A key question that remains unanswered, despite the presence of anecdotal reports and observational studies (8–12), is whether RSG can be administered safely to patients with established CHF that is mild to moderate in severity, and what effect it has on cardiac function in these patients. The primary goal of this study was to investigate the effects of treatment with RSG for a period of 1 year on cardiac structure and function as determined by echocardiography (ECHO) in T2DM patients with New York Heart Association (NYHA) functional class I to II CHF. The secondary objectives were to evaluate the extent of RSG-induced fluid retention in this potentially at-risk population and assess its impact on clinical status.
Methods
This was a 52-week, multicenter, double-blind, randomized, placebo-controlled, parallel group study in patients with T2DM and mild to moderate stable CHF (NYHA functional class I to II).
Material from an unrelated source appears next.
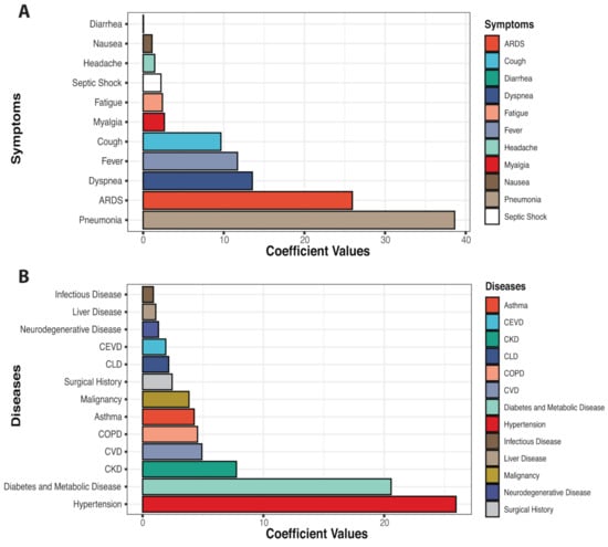 Machine learning models predict the important symptoms and comorbidities that are associated with the severity or death of COVID-19 patients. The high coefficient values of ML model outcomes mean the higher significant association of death. (A) represents the significance of symptoms that are linked with death; (B) represent the significance of disease comorbidities that are linked with death.
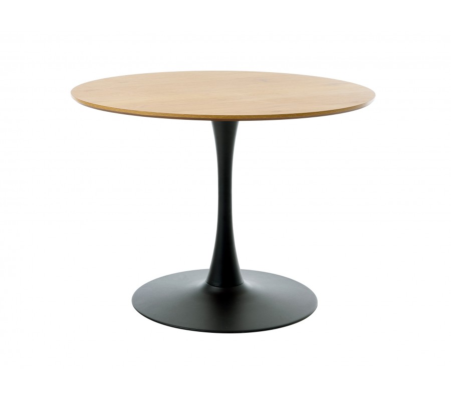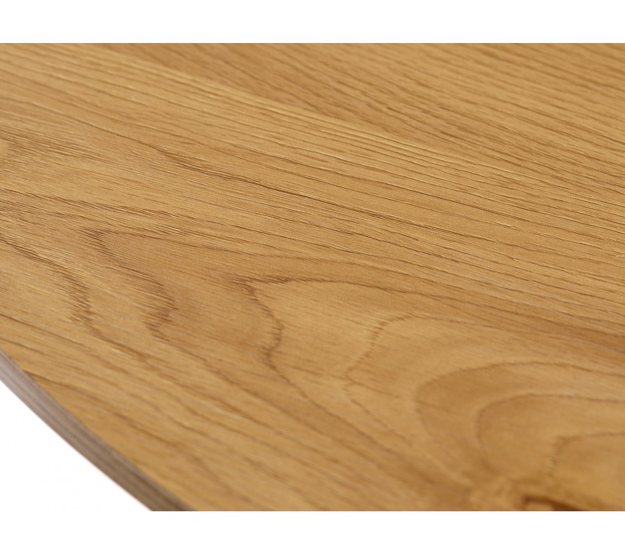 Stôl má okrúhlu vrchnú dosku v svetlej hnedej farbe s pravidelnou kresbou letokruhov. Dubové prevedenie pôsobí teplo, prírodne a harmonicky. Doska je vyrobená z kvalitnej melamínovej dyhy, ktorá je mimoriadne odolná voči oderu, teplu a vlhkosti, čo robí z tohto stola ideálny nábytok na každodenné používanie.

Ethical approval was obtained in each of the 14 European countries that participated in the study, and all patients gave written informed consent. The study was funded by GlaxoSmithKline (protocol 49653/211).
Patients were required to have inadequate glycemic control at screening (fasting plasma glucose ≥126 mg/dl [7 mmol/l] and ≤216 mg/dl [12 mmol/l]) and could be receiving any antidiabetes treatment except for a thiazolidinedione, insulin, or combination therapy with an insulin secretagogue and acarbose. Only stable patients in NYHA functional class I to II CHF were included, and all had to be treated with an angiotensin-converting enzyme inhibitor or angiotensin receptor blocker. In addition, patients with NYHA functional class II CHF had to be treated with a diuretic. According to recommended practice at the inception of the study, patients were not required to be on a beta-blocker. All patients were required to have a left ventricular ejection fraction (LVEF) ≤45%. Patients were excluded if they had a body mass index >35 kg/m2, creatinine clearance <40 ml/min (calculated using the Cockcroft-Gault equation adjusted for ideal body weight), significant hepatic disease, or laboratory-confirmed anemia (hemoglobin <11 g/dl for men and <10 g/dl for women).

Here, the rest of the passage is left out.